Aim of the task:
Retype nothing but the lines from the start of the material up to and including the line with "Бетон — поистине". Pictures don't belong in the copy.

=== Section Start ===

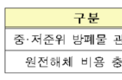 중‧저준위 방폐물 관리비용과 원전해체 비용 충당금 비교 [비전21]산업통상자원부는 2017년 방사성폐기물 관리비용산정위원회를 개최해(총5회) 중·저준위 방폐물 관리비용, 원전해체 비용 충당금을 재산정해 고시했다. 방사성폐기물 관리비용은 방사성폐기물관리법 시행령 제5조에 근거해 산업부 장관이 2년마다 검토해 고시하도록 규정하고 있다. 산업부는 방폐물 발생자인 원전사업자, 방사선진흥협회 등 사전의견 수렴을 거치고, 재무, 회계, 환경, 원자력, 에너지경제, 시민단체 등 외부 전문가가 포함된 비용산정위원회를 개최해 다음과 같이 방폐물 관리비용을 산정했다. 중·저준위 방폐물 비용(200L 드럼당)은 지난 2015년 고시한 1,219만원에서 2017년에는 12.6% 인상한 1,373만원으로 재산정해 고시했다. 비용 상승요인은 원자력안전법 시행령(제99조) 개정에 따른 처분시설 폐쇄후 관리기간 확대(100년 → 300년), 공용설비 건설비 증가 등이 반영됐다. 중·저준위 방폐물 비용과 연동되는 방사성동위원소(RI) 방폐물 관리비용(200L 드럼당)은 지난 2015년 고시한 최저 375만원에서 최고 2,743만원이 2017년에는 최저 431만원에서 최고 2,983만원
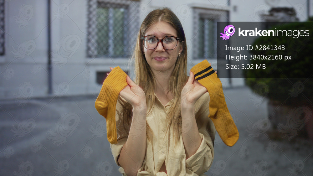 Blonde woman with glasses holding yellow socks with both hands in front of white building facade; uncertainty.
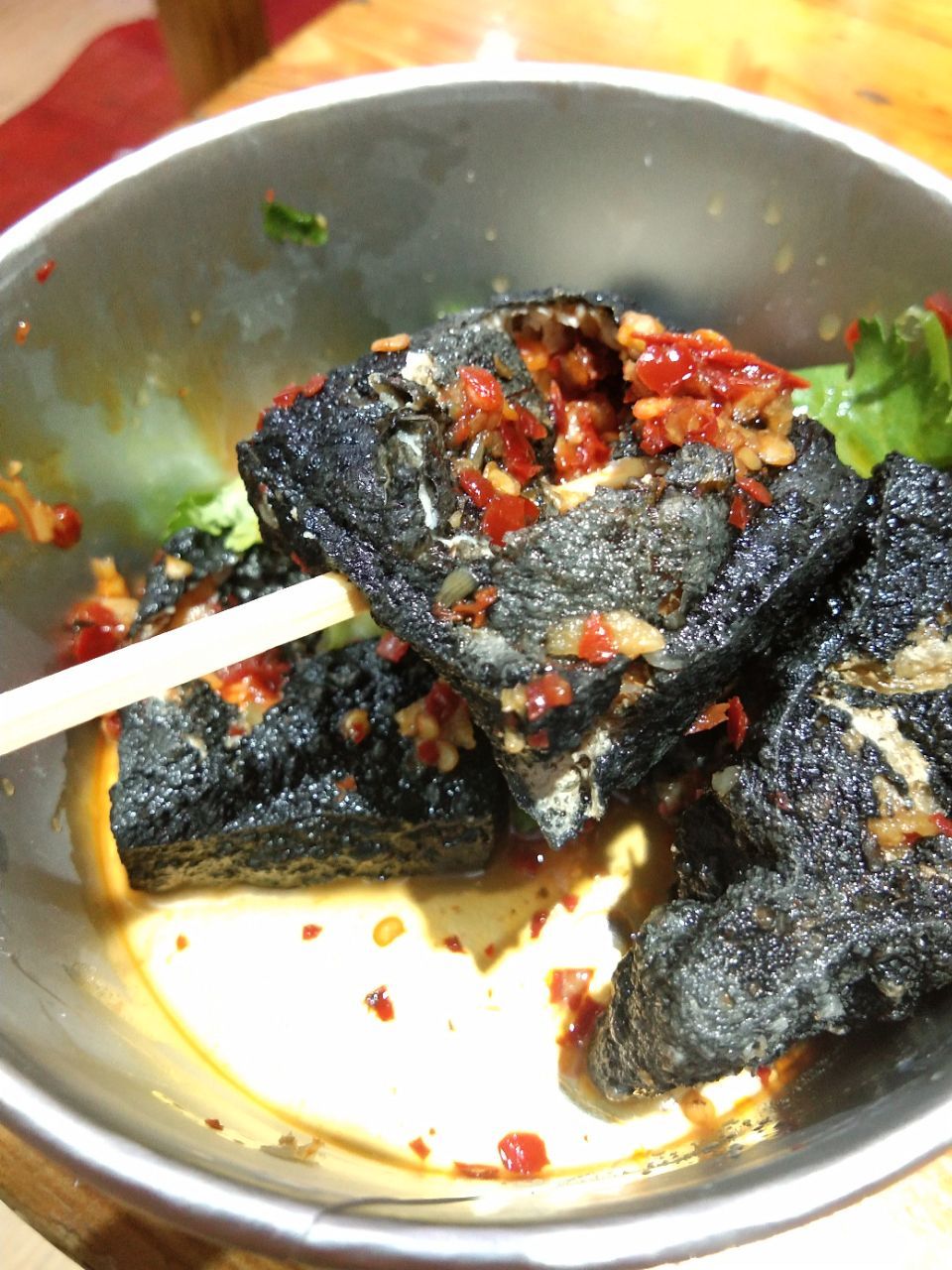 黑色经典臭豆腐店的套餐,一杯酸梅汁一根大香肠一份小份臭豆腐,二十多块。2016年来时臭豆腐5块钱4片的价格老早没有了,现在单买就是10块6片,罗家、文和友、黑色经典都是这样,臭豆腐还是很好吃的,炸好每片都会×一个洞,放辣椒香菜再浇卤水,这卤水估计每家秘制配方吧。
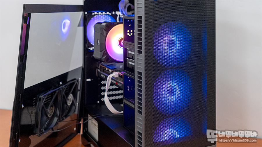 쿨링팬을 샤시 내부에서 처리할 수 없기에 케이블을 뒤쪽으로 넘겨 마무리를 하게 되는데 유지 보수를 위해서 강화유리 패널을 분리하더라도 쿨링팬을 연결한 케이블로 인하여 뒤쪽의 사이드 패널도 같이 분리해야 하는 번거로움이 생기네요.
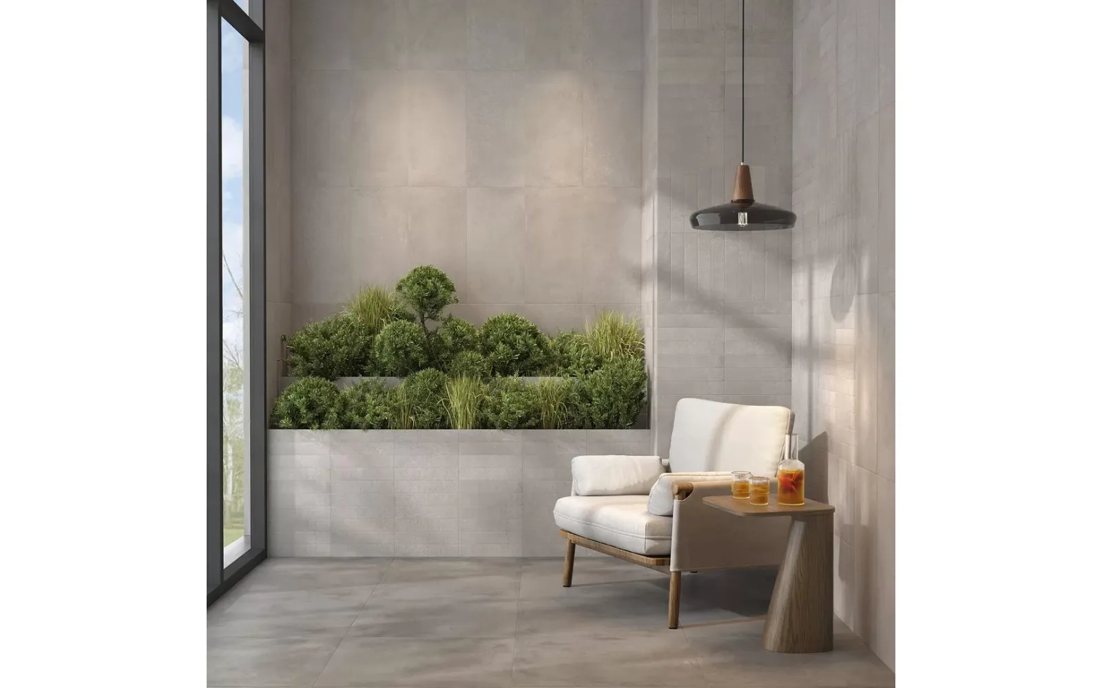 Бетон — поистине универсальный материал, в последнее время активно развивающийся в качестве отделочного решения для частных и общественных интерьеров. Керамогранит и керамическая плитка делают применение бетона более удобным, а само бетонное покрытие значительно более стойким к внешним воздействиям. Особенно практично, когда в одной серии представлены координированные решения для пола и стены.
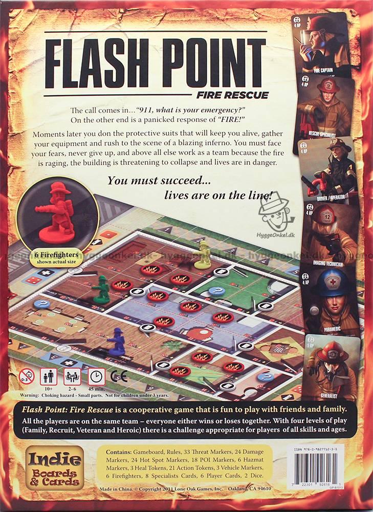 Asken inkluderar ett spelbräde, marker, 6 pjäser (brandmän), kort och 2 tärningar.
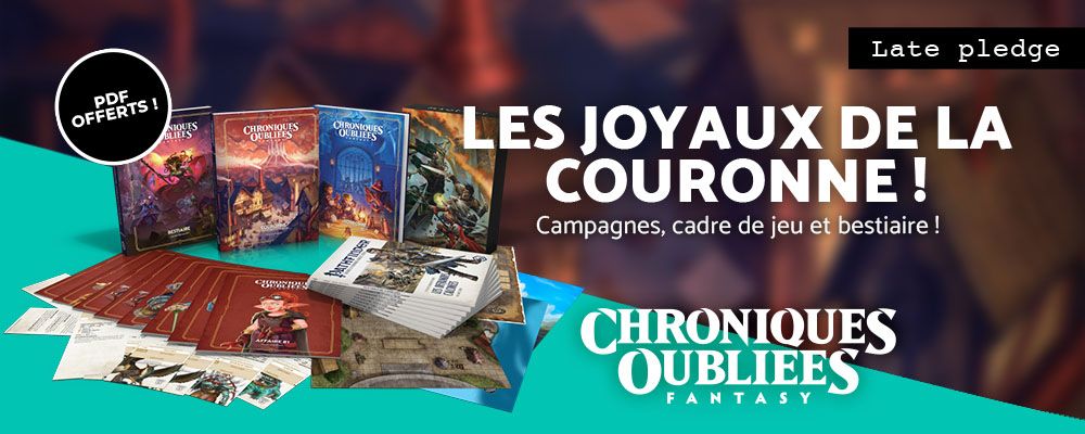 Les envois des précos participatives sont terminés, et ceux des late pledges et précos bundle le seront la semaine prochaine : merci encore pour votre patience. Nous tenons à remercier chaleureusement toutes les personnes qui ont participé au projet, à toutes les étapes de la chaine, et bien évidemment les backers et clients qui ont soutenu ce magnifique lancement de gamme et trouvé leur compte dans une offre généreuse - votre enthousiasme et vos retours unanimes sur la qualité nous donnent l'énergie de continuer à oeuvrer pour faire de Chroniques Oubliées Fantasy la plus belle des gammes !

=== Section End ===

Task response:
 중‧저준위 방폐물 관리비용과 원전해체 비용 충당금 비교 [비전21]산업통상자원부는 2017년 방사성폐기물 관리비용산정위원회를 개최해(총5회) 중·저준위 방폐물 관리비용, 원전해체 비용 충당금을 재산정해 고시했다. 방사성폐기물 관리비용은 방사성폐기물관리법 시행령 제5조에 근거해 산업부 장관이 2년마다 검토해 고시하도록 규정하고 있다. 산업부는 방폐물 발생자인 원전사업자, 방사선진흥협회 등 사전의견 수렴을 거치고, 재무, 회계, 환경, 원자력, 에너지경제, 시민단체 등 외부 전문가가 포함된 비용산정위원회를 개최해 다음과 같이 방폐물 관리비용을 산정했다. 중·저준위 방폐물 비용(200L 드럼당)은 지난 2015년 고시한 1,219만원에서 2017년에는 12.6% 인상한 1,373만원으로 재산정해 고시했다. 비용 상승요인은 원자력안전법 시행령(제99조) 개정에 따른 처분시설 폐쇄후 관리기간 확대(100년 → 300년), 공용설비 건설비 증가 등이 반영됐다. 중·저준위 방폐물 비용과 연동되는 방사성동위원소(RI) 방폐물 관리비용(200L 드럼당)은 지난 2015년 고시한 최저 375만원에서 최고 2,743만원이 2017년에는 최저 431만원에서 최고 2,983만원
 Blonde woman with glasses holding yellow socks with both hands in front of white building facade; uncertainty.
 黑色经典臭豆腐店的套餐,一杯酸梅汁一根大香肠一份小份臭豆腐,二十多块。2016年来时臭豆腐5块钱4片的价格老早没有了,现在单买就是10块6片,罗家、文和友、黑色经典都是这样,臭豆腐还是很好吃的,炸好每片都会×一个洞,放辣椒香菜再浇卤水,这卤水估计每家秘制配方吧。
 쿨링팬을 샤시 내부에서 처리할 수 없기에 케이블을 뒤쪽으로 넘겨 마무리를 하게 되는데 유지 보수를 위해서 강화유리 패널을 분리하더라도 쿨링팬을 연결한 케이블로 인하여 뒤쪽의 사이드 패널도 같이 분리해야 하는 번거로움이 생기네요.
 Бетон — поистине универсальный материал, в последнее время активно развивающийся в качестве отделочного решения для частных и общественных интерьеров. Керамогранит и керамическая плитка делают применение бетона более удобным, а само бетонное покрытие значительно более стойким к внешним воздействиям. Особенно практично, когда в одной серии представлены координированные решения для пола и стены.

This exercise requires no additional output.